Let's draw a plot of our prediction rule.

In [None]:
px.scatter(data, x='sq_ft', y='net_sales', title='Net Sales vs. Square Feet')

x_range = np.linspace(0, 10)

fig = go.Figure()
fig.add_trace(go.Scatter(x = data['sq_ft'], y = y, mode = 'markers', name = 'actual'))
fig.add_trace(go.Scatter(x = x_range, 
                         y = w_one_feature_model[0] + w_one_feature_model[1] * x_range, 
                         name = 'linear prediction rule', 
                         line=dict(color='red')))

fig.update_layout(xaxis_title = 'Square Feet', yaxis_title = 'Net Sales')

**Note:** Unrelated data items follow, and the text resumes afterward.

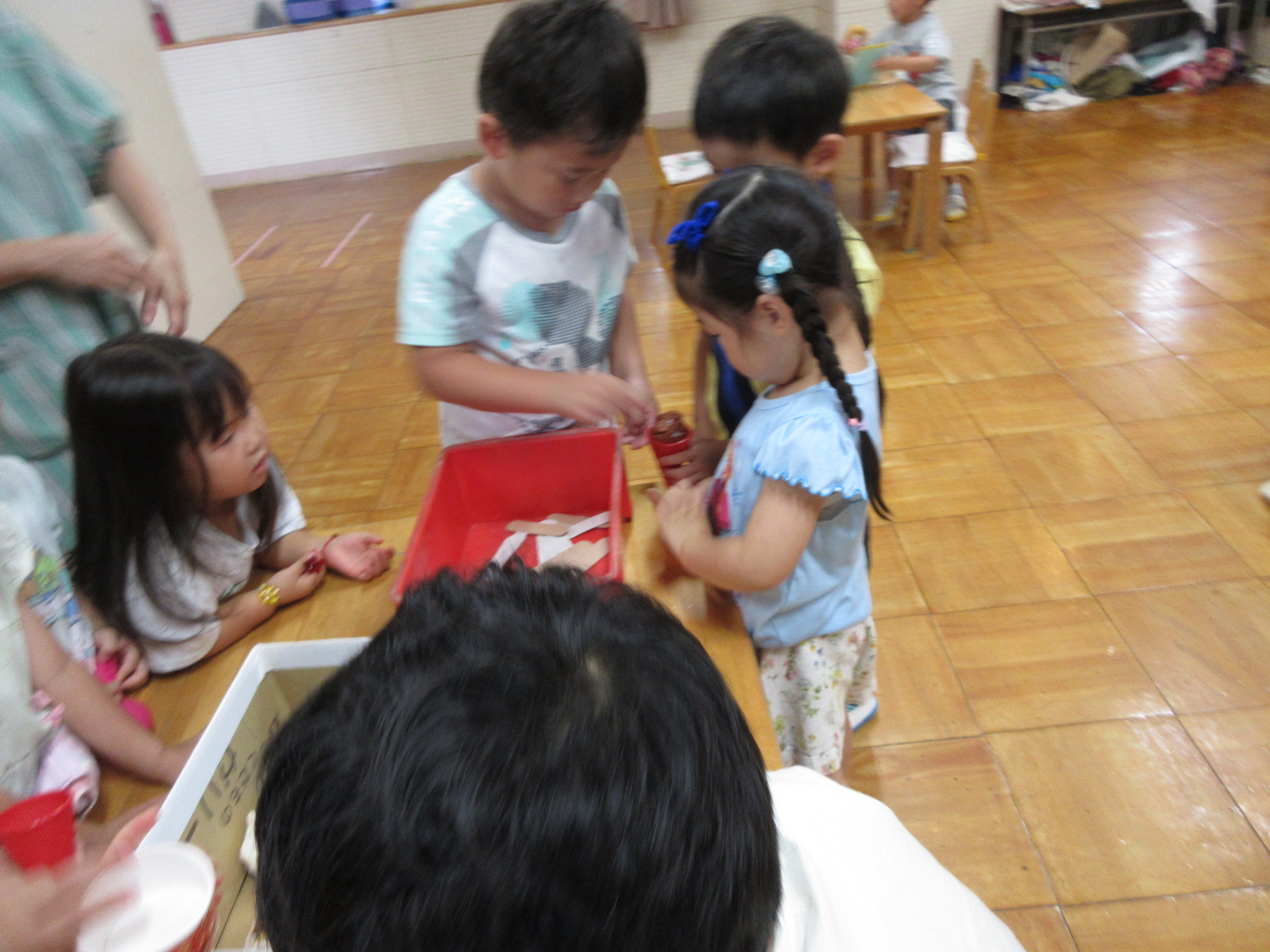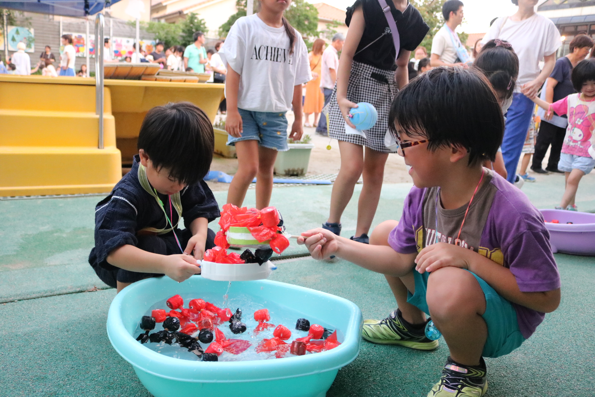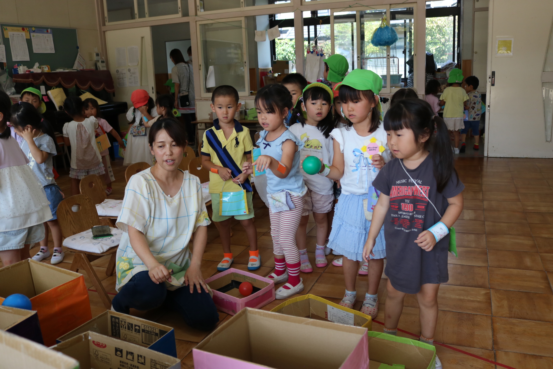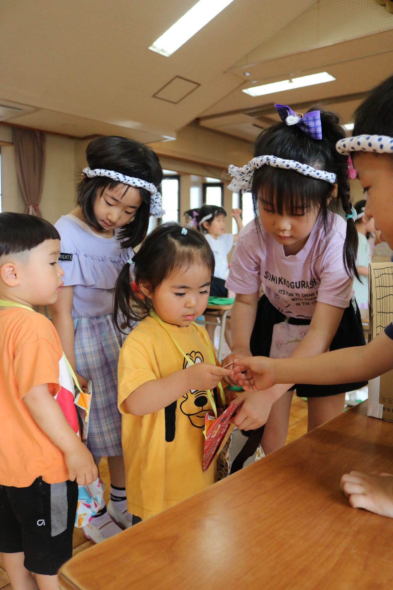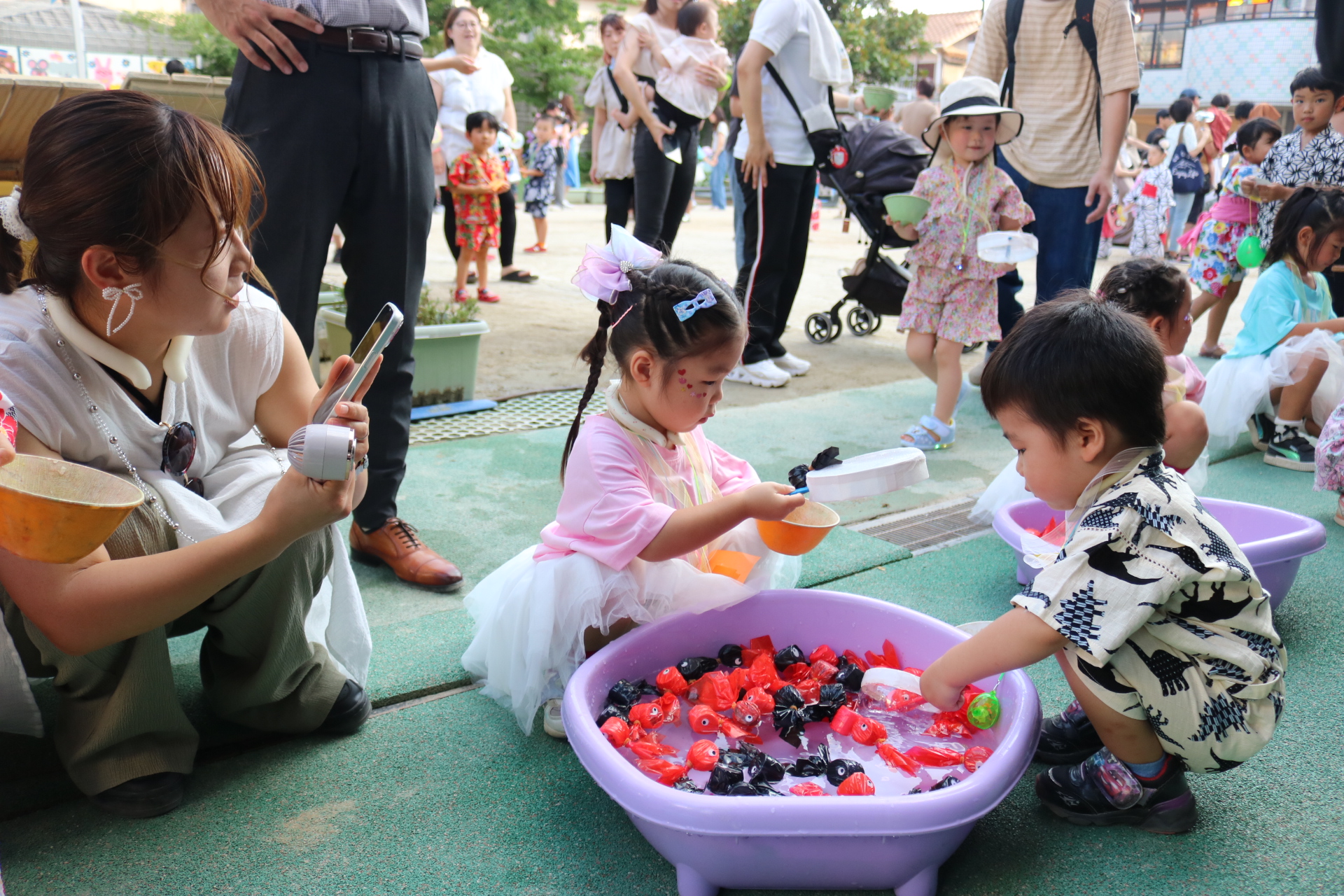 夏祭りに行ったゲームをもう一度みんなで楽しみました😊今回は縦割りで、異年齢児と関わりながら楽しみました!
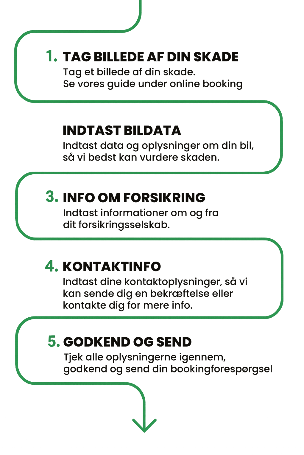 Det tager kun få minutter at udfylde skadeformularen og sende den ind. Vi svarer dig så hurtigt som muligt – inden for 24 timer – og bekræfter prisen. Derefter booker vi en tid til reparation.
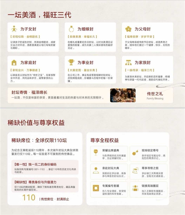 2.立足健康发展大势,封坛窖藏沉淀酒体品质,契合健康饮酒理念,赋能酱香价值升级。3.以专属纪念封坛为载体,凝聚匠人初心,成就稀缺典藏,续写百年酱酒文脉。】

It's also worth calculating the mean squared error of this prediction rule, so that we can compare it to our later prediction rules.

In [None]:
def mean_squared_error(X, y, w):
    return np.mean(np.sum((y - X @ w)**2))

## Using two features

Let's now try to predict net sales from two variables: the square footage (size) of the store, and the number of competing stores in the area. Our model will be:

$$
\text{predicted net sales} = w_0 + w_1 (\text{square feet}) + w_2(\text{competitors})
$$

Suppose $w_0^*$, $w_1^*$, and $w_2^*$ are our prediction rule's optimal parameters. Do you expect $w_1^*$ to be positive or negative? What about $w_2^*$?

In [None]:
px.scatter(data, x='sq_ft', y='net_sales', title='Net Sales vs. Square Feet')

In [None]:
px.scatter(data, x='competing_stores', y='net_sales', title='Net Sales vs. Competing Stores')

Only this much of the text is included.